Beyond reasonable doubt is the standard required by the prosecution in most criminal cases. This means that the proposition must be proven to the extent that there is no “reasonable doubt” in the mind of a reasonable person. There can still be doubt but only to the extent that it would be “unreasonable” to assume the falsity of the proposition. {2}
In the cases where the legal burden of proof is placed on the defendant, it is of a lower standard than applies when the burden is on the prosecution. The defendant need only establish his defence ‘on the balance of probabilities’- his claim is more likely to be true than not. Where the defendant has only an evidential burden, the standard is even lower. The defendant needs only to point to material which might cause the jury to have a reasonable doubt about his guilt. [1]
In the case of Denzil, because the legal burden isn’t placed on him, it is placed on the prosecution; the lower standard does not apply. The prosecution can establish the defendants guilt on both the balance of probabilities –more likely to be true than not. And prove the defendant that the defendant is guilty of the crime committed beyond reasonable doubt. With establishing his guilt on the balance of probabilities the prosecution can use the glass fragment evidence, they can use this evidence to convince the jury the probability that the glass fragments found at the crime scene where the same as the ones found on the defendant. However this is not conclusive, the defence can argue that the glass fragments did arrive on the defendant by him being at the scene of the crime, however this does not mean that he killed the victim, he could have just broken her window for some other reason, and the defence has to convince the jury of this fact and suspect any reasons for the breaking of the window. But because this case is a criminal case then the standard required should be beyond reasonable doubt.
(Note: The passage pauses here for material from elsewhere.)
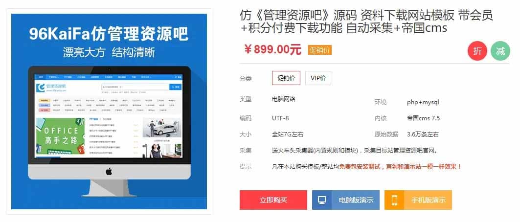 开发环境:帝国cms7.5 空间支持:php+mysql 管理资源吧,为中小企业管理者提供全方位的管理资料下载服务; 是一个所有资料免费下载,免注册、免登陆、免积分的公益性的管理知识共享平台。 此站风格挺漂亮的,面向国内庞大办公用户群体的资源类网站,都是不差钱的,发展会员收费下载, 可以坐享分成。该站权重3,收录52万+ ,不吹不黑此类资源养着慢慢发展壮大也是不错的。 稍懂点的做收费类的赢利很快的,当然大神类的就更不用说了。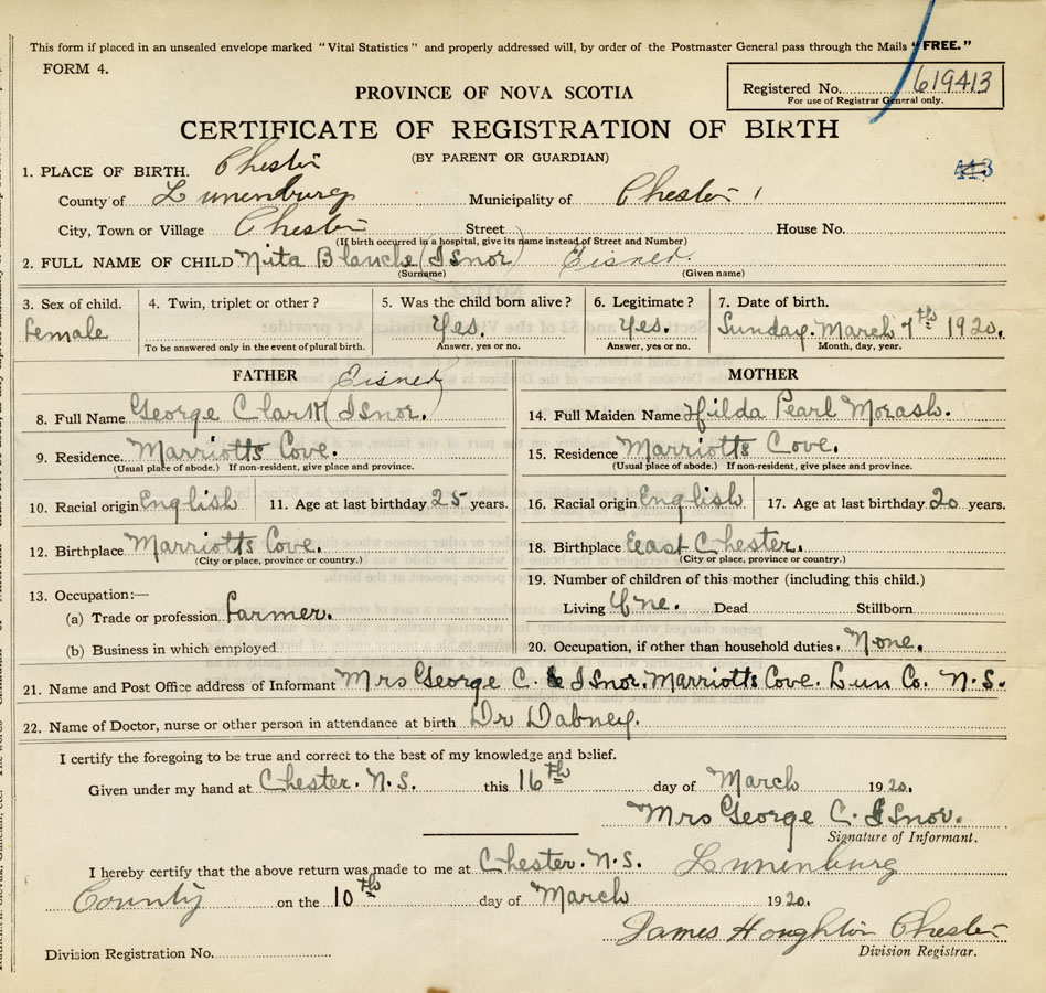 21. Name and Post Office address of Informant Mrs. George C. Eisner Marriotts Cove, Lunenburg Co.

Should the prosecution be allowed to call evidence as to the admissions made by Denzil? If not, why not?
3) The prosecution should not be permitted to submit the evidence of Denzil’s confession to the murder of Phoebe because the confession was improperly and unfairly obtained. The situation in which the confession was obtained was inappropriate, because Denzil only made his confession under the influence of the police involved in questioning him. The police within the case stated to Denzil that they had found DNA evidence linking him to the murder of Phoebe, under this pressure Denzil then confessed to the police that he had committed the crime, even if he actually hadn’t committed the crime.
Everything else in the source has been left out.